I’m with LHOD; I’m dubious of the proposals but the rebuttals are even more suspect.

I thought that, as a young teacher. But 20 years of watching kids learn math has made me shift a lot more firmly to “hard work” camp.

Certainly, if your math experience is positive, you’re more likely to be willing to work hard, but by and large, kids who put the work in are successful.

There obviously is some kind of innate component, since I did well in maths at school despite not working particularly hard. I would try to help other kids who were struggling and they just didn’t get it, despite putting more effort in. And the other thing I noticed was that fairly often people who did well in other subjects would do badly in maths and vice-versa, which suggests it uses somewhat different skills. If it was just down to hard work, kids ought to be at the same level in every subject.

Maybe it’s better to believe hard work has the biggest effect, but that’s a different question.

I would agree with this, but only if we really look at what putting in the work means.

If parents aren’t going to teach the kids so much as how to count before kindergarten, that’s work that some families are doing and others aren’t that creates a skills gap right from the get-go. If every time we suggest holding everyone to high standards by making them do work produces pushback from middle-aged adults still complaining about homework, or cries denouncing “rote memorization” (which is basically progressive educode for ‘actually learning anything’), then the work is not being put in. If we go to the doctor and get medical certifications that our brains aren’t good at math (“dyscalculia”) then that either means we need to work all the harder to overcome the problem, or that there may in fact be some genuine differences among people after all.

And, eventually, we still have to confront the fact that asking someone in high school who has no plans to go to college at all, let alone major in math or physics, to “put in the work” to keep up with trigonometry at the same pace as the top students a bad use of limited educational time, and having them “put in the work” to learn plumbing is going to produce a lot better life outcome for that person than trying to track everyone into the same classes.
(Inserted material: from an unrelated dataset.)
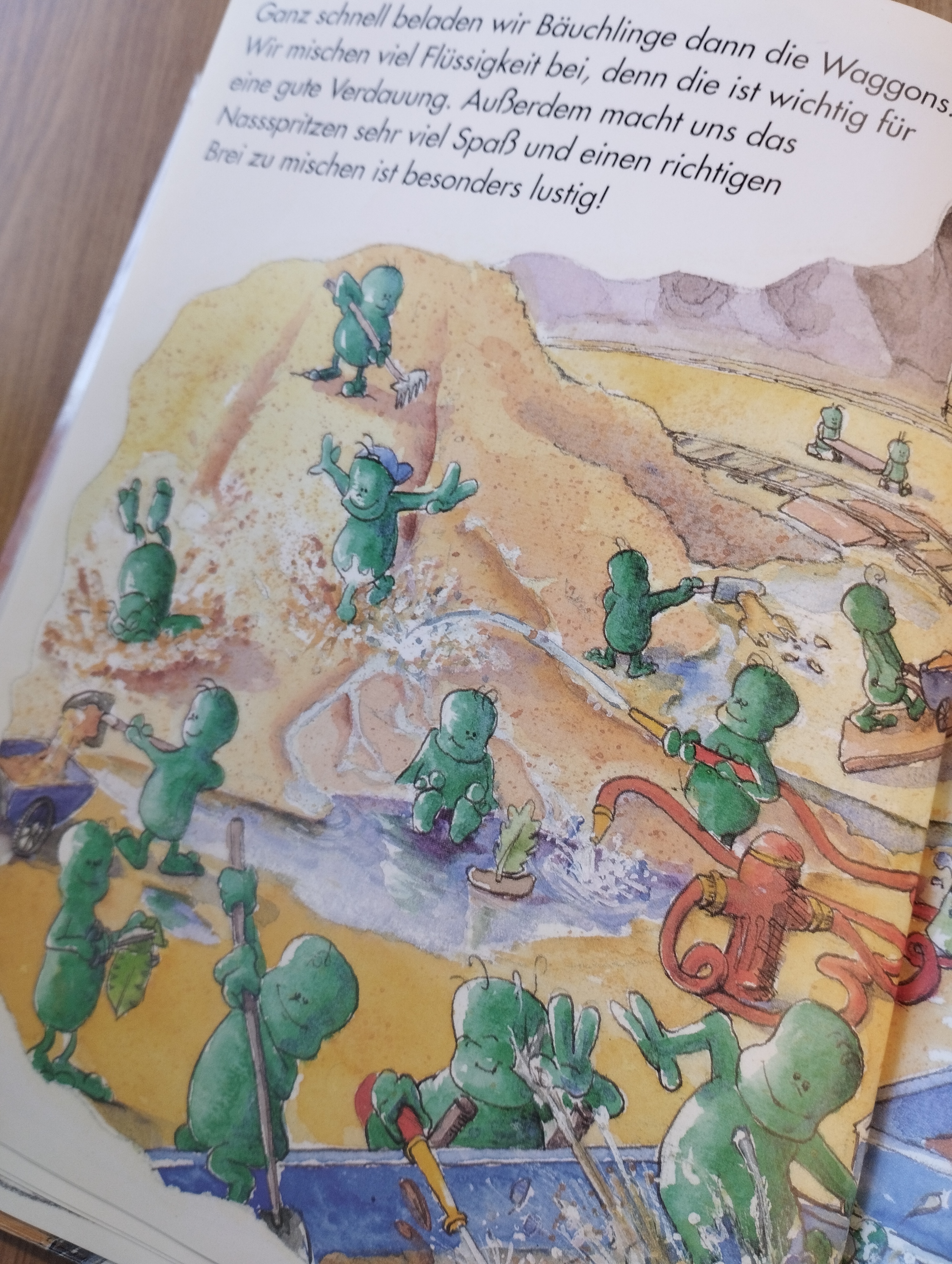 Als Kind bekommt man jedenfalls Lust, richtig zu essen und zu kauen. Nicht aus schlechtem Gewissen den Bäuchlingen gegenüber, sondern weil man den kleinen grünen Arbeiter*innen nur Gutes will, sie zum Beispiel auch einmal faulenzen lassen, wie es im Buch heißt. Und außerdem sieht der fein gekaute Regen, von dem einer der Bäuchlinge träumt, einfach so angenehm aus, dass man am liebsten selbst im Bahnhof Bauch anfangen würde.

It happens. Here are cases in Florida and Maryland, for example.

How would this work with something like math?

For example, if you have:

Track 1 = 8th grade math → algebra I → algebra 2 → geometry → trig/precalc in 12th; and
Track 2 = algebra 1 → algebra 2 → geometry → trig/precalc → calculus in 12th;

how do you move between tracks? The kid in track 1 who has improved greatly and finishes algebra 2 with very good grades isn’t going to be ready to move to the equivalent position in track 2, skipping geometry and moving directly to trig/precalc, and the track 2 kid who has lost his way moves over into track 1 only be repeating a course.

(I suppose if you have separate class sections for “Algebra 2 for 10th graders on track 1” and “Algebra 2 for 9th graders on track 2,” you could shuffle the kids between them, maybe, with the improving kid getting a little deeper into the subject and the struggling kid getting a more superficial study, but an algebra 2 class has to cover roughly the same body of material no matter who the students are, and in the districts I’ve seen there is a single combined "Algebra 2’ class with each section having a mix of several grade levels.)

(San Mateo-Foster City currently starts this tracking into a separate progression of classes in sixth grade; @ZosterSandstorm’s big objection is that they want to start separate tracking in 7th grade instead.)